Wednesday, February 18, 2009

I'm baaackkkk!

Well in so many words I'm back. Finally after more than a year, I can drive again. First thing I did Tuesday morning was went to the DPS office at 8:00 a.m. sharp and reinstated my drivers license. Then I went home and went back to sleep. Nice life, huh?

I slept until 12:30 in the afternoon then I had to be at my first face to face Terry Therapy session. She has a new office. When I got there the place was locked up. I went to the doctor's office next door and they didn't know who I was talking about. I went to the other door and they looked at me like I was crazy. I didn't have Terry's business card or her phone number in my cell phone so I came home.
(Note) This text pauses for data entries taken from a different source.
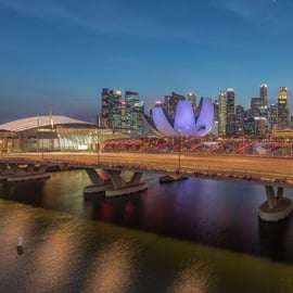 Votre chauffeur/guide vous conduira ensuite dans le quartier de l'Esplanade et du pont Helix. L'Esplanade, avec son architecture distinctive, et le pont Helix, légèrement incurvé, offrent une promenade pittoresque le long de l'eau, entourée de reflets et de vues nocturnes sur la ville.
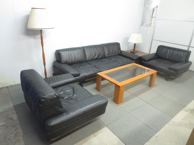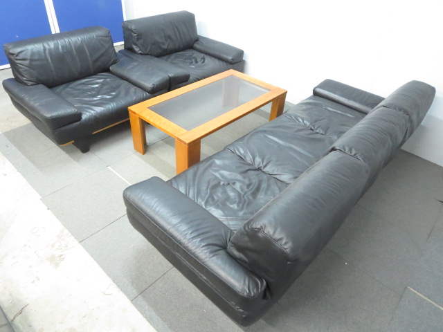 ■arflex製 高級革張りソファー&テーブルセット【応接室にオススメ!】【B】- 川崎店
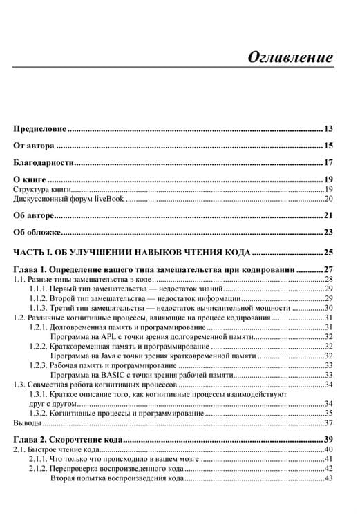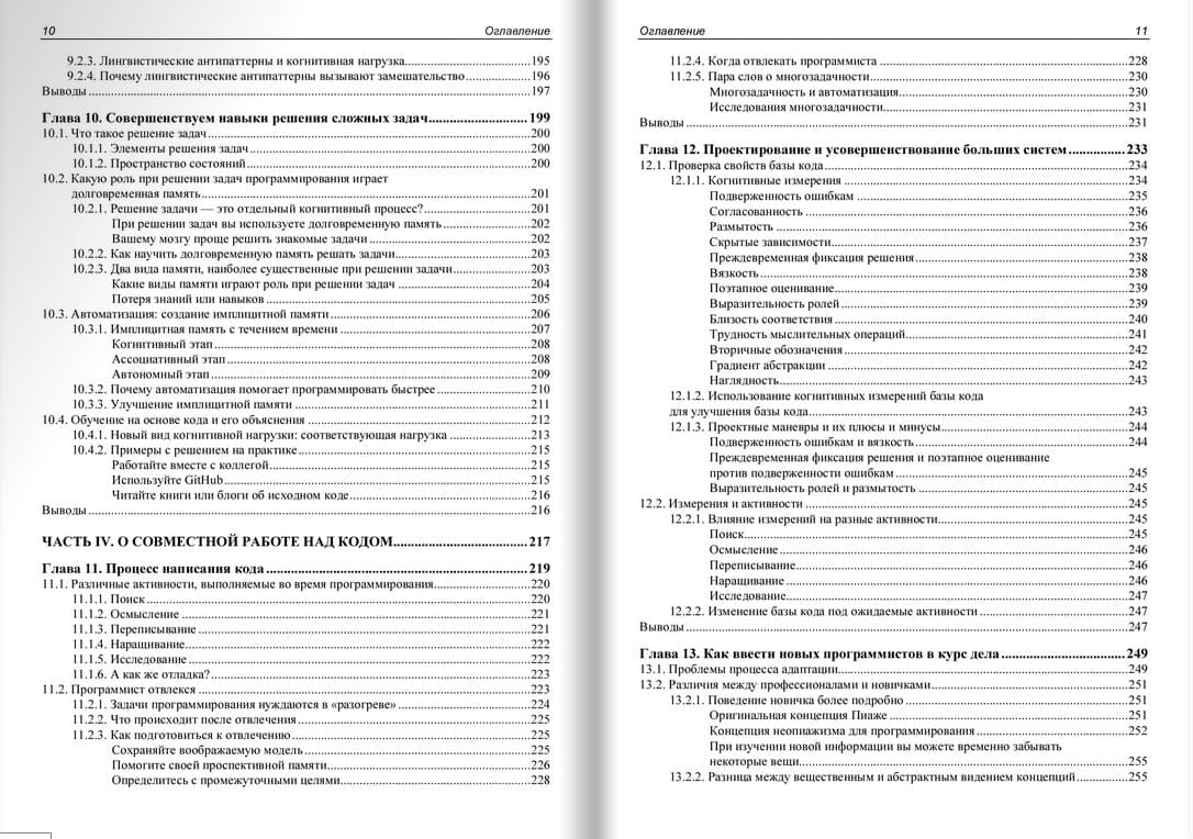 Grāmatā aplūkoti kognitīvās zinātnes praktiskie pamati programmētājiem. Galvenie temati ir: citu un sava koda izpratne un attīstīšana, jaunu programmēšanas valodu apguve, mnemonikas metodes programmētājiem, koda uzturēšana lasāmā stāvoklī. Skaidrots, kā samazināt kognitīvo slodzi, strādājot par programmētāju, kā padarīt kodu loģisku un saprotamu sev un kolēģiem. Tiek aplūkotas funkciju, klašu un mainīgo nosaukumu piešķiršanas tehnikas, krātuvju uzturēšanas pieejas, kopīga izstrāde un koda pārskatīšana.
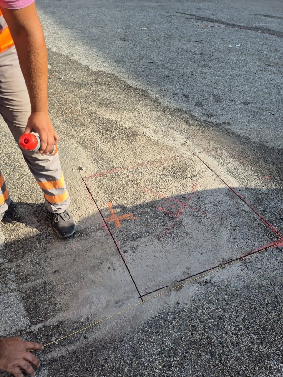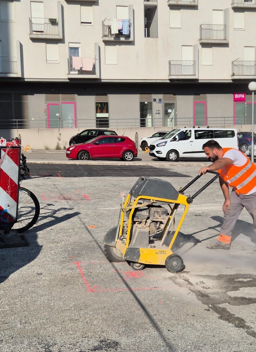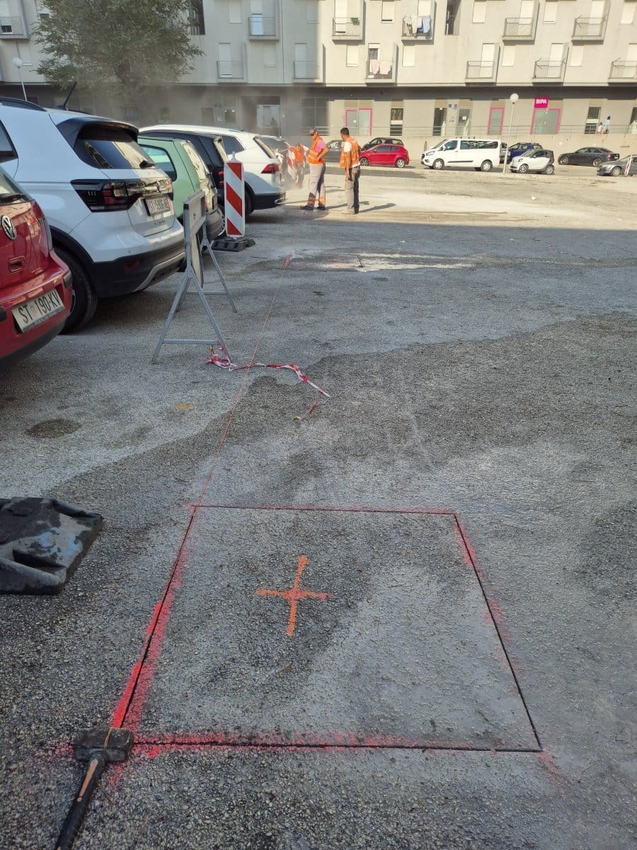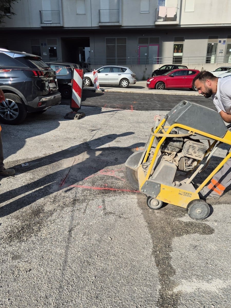 Parkiralište je bilo ograđeno tijekom sanacija, popravljene su - to jest, asfaltirane - i rupe na parkiralištu, a radnici cestara upravo pilaju, pa kopaju mjesta za posaditi stabla!
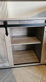 Vendo per inutilizzo credenza/Mobile da Cucina/ Armadietto Organizzatore con 2 Ante Scorrevoli e ripiani regolabili all'interno in colore grigio tortora e nero. Piedini regolabili. Materiale: Pannello di truciolato e acciaio. Dimensioni totali: 33 x 100 x 80 cm (P x l x H) Peso: 25,6 kg. Capacità di carico statico del piano d’appoggio: 79 kg Capacità di carico statico di ogni ripiano aperto: 30 kg Capacità di carico statico di ogni ripiano regolabile: 18 kg
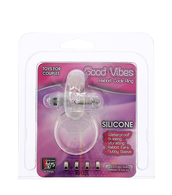 Прозрачное эрекционное кольцо с виброэлементом GOOD VIBES COCKRING RABBIT. Водонепроницаемое. Батарейки в комплекте.
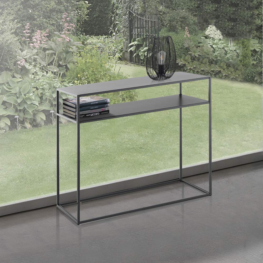 matt anthracite painted steel and 1.5 cm high top and shelf made of 1 mm thick matt

I called Terry when I got home. She said sorry, they share an office with some day care that is setting up and I had the right place. So we reset for tomorrow and I know exactly where she's at.

I then drove into Houston to put some coins I had bough on ebay and the U.S. Mint in my safety deposit box. Violet called me. Of course the first person I had planned to see was Rebecca but it ended up I spent the evening with Violet. No fucking, just dinner.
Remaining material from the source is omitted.